■ DATA FOR THIS TASK ■
________________________________________
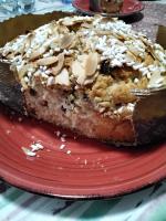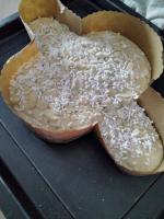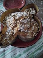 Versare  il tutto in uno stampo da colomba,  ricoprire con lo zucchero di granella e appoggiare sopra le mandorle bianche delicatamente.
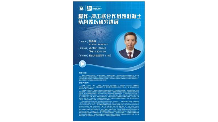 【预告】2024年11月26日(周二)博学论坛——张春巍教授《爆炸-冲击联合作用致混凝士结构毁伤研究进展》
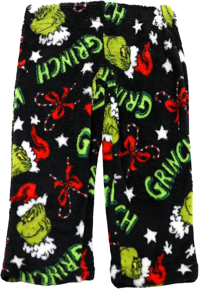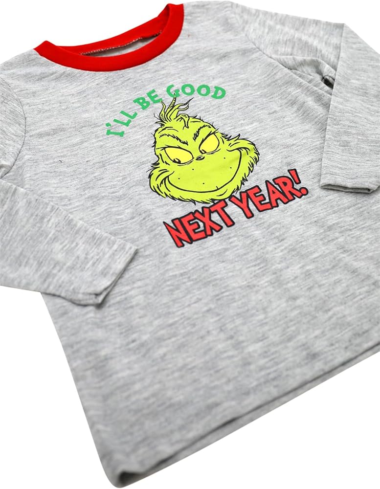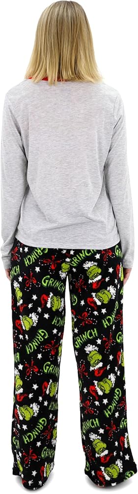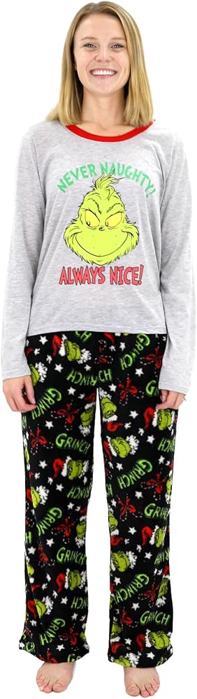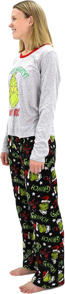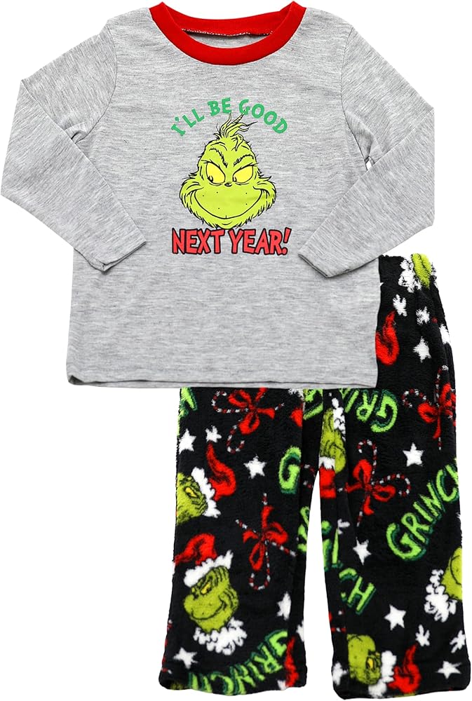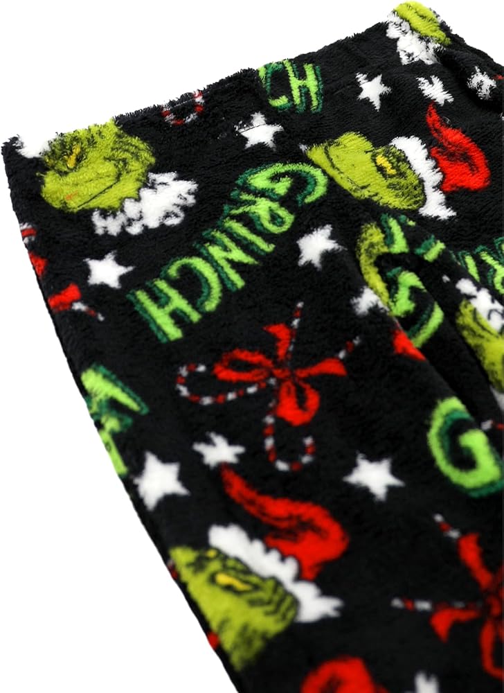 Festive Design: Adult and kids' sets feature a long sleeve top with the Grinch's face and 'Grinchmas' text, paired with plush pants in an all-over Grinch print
________________________________________
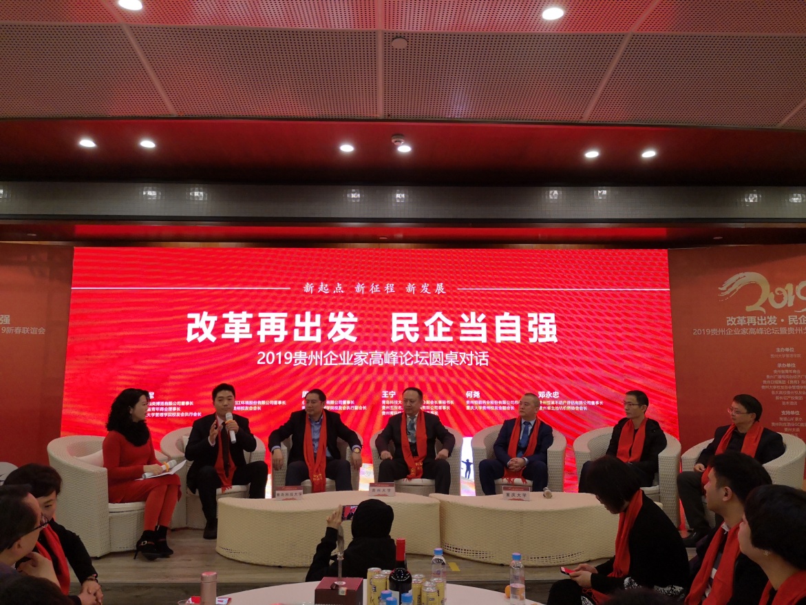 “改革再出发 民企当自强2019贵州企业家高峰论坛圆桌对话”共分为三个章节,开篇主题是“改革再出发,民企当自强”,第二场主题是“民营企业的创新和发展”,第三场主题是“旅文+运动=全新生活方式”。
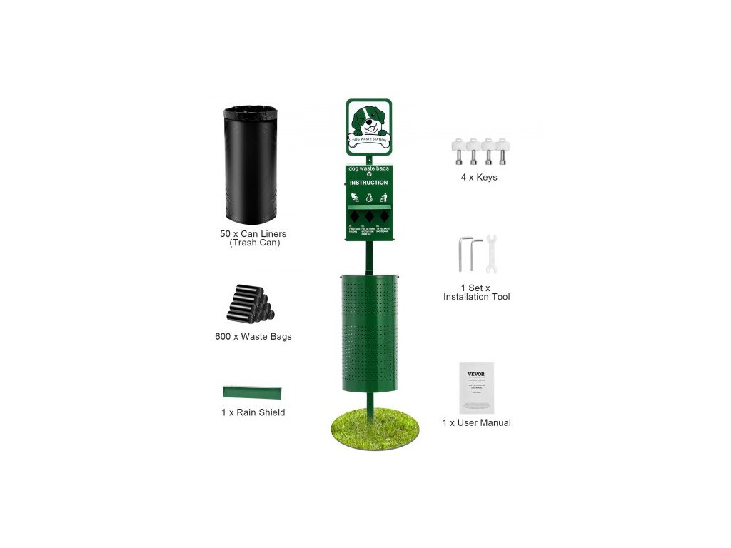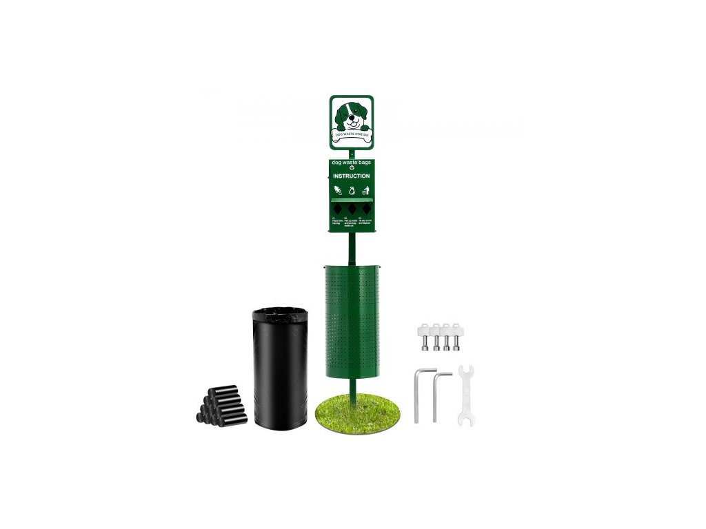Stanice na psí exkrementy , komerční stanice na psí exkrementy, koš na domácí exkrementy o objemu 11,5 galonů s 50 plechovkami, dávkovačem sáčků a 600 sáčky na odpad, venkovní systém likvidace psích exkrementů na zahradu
________________________________________
■ TASK ITEM ■
Give the lines above again exactly, from the one containing "Versare  il tutto" to the one containing "Festive Design: Adult", both included, but leave out the pictures.

■ PROBLEM SOLUTION ■
 Versare  il tutto in uno stampo da colomba,  ricoprire con lo zucchero di granella e appoggiare sopra le mandorle bianche delicatamente.
 【预告】2024年11月26日(周二)博学论坛——张春巍教授《爆炸-冲击联合作用致混凝士结构毁伤研究进展》
 Festive Design: Adult and kids' sets feature a long sleeve top with the Grinch's face and 'Grinchmas' text, paired with plush pants in an all-over Grinch print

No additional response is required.